# Odd smell and color on brisket



## dcmp100 (Oct 9, 2010)

I picked up a brisket three days ago and put it in the refrigerator to smoke tonight.  I took it out to prep it this morning, and when I cut open the vacuum seal, I got hit with a strange smell, perhaps a bit sulphurous.  It didn't dissipate after rinsing the meat, and I also found browning on various spots along the fat cap.  None really on the meat section.  The vacuum seal was good as near as I could tell, and the refrigerator never lost power or raised in temperature (at least not enough to notice any change).  I am going to take it back for a refund, but I wanted to hear from anyone with experience with this. 

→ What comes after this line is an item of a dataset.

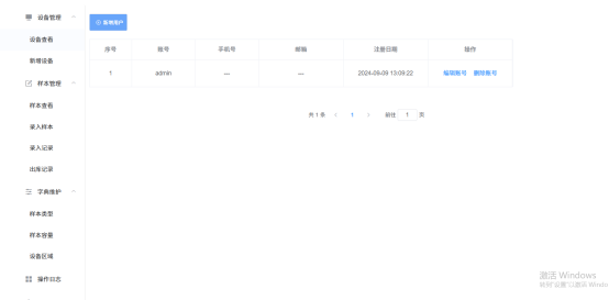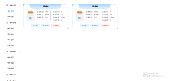 3.设备查看:显示用户添加的设备列表,查看设备信息,设备存储样本状态;样本录入,样本查看,删除设备操作

Unfortunately, I don't have enough time to get another one and get it rubbed in time to get it smoking.  Looks like next weekend, perhaps.


----------



## mudduck (Oct 9, 2010)

i had one a frew weeks back like that it had ben in the freezer for 4 or 5 mouths

we smoke it turn out great


----------



## mballi3011 (Oct 9, 2010)

I have noticed that allot to. Now it's something they put into the packaging when they vaccum pack them. Theres nothing wrong woth it but it usually rinses off for me most of the time.


----------



## sturgissmoker (Oct 20, 2010)

Vacum sealed meat, because of the lack of oxygen its exsposed too, will build up certain foul smelling gasses.  Open up the meat, lay it out for 30-45 min and the smell will go away.  I have noticed this many many times with steaks, brisket and pork ribs - cooked everyone of them and tasted just fine.  A grocier friend of mine that vacume seals everything gave me this info - just so you know i am not making it up.


----------



## uncivil (Oct 20, 2010)

Could it be the nitrogen they flush with to preserve the meat?


----------



## rbranstner (Oct 20, 2010)

Did they give you a refund?


----------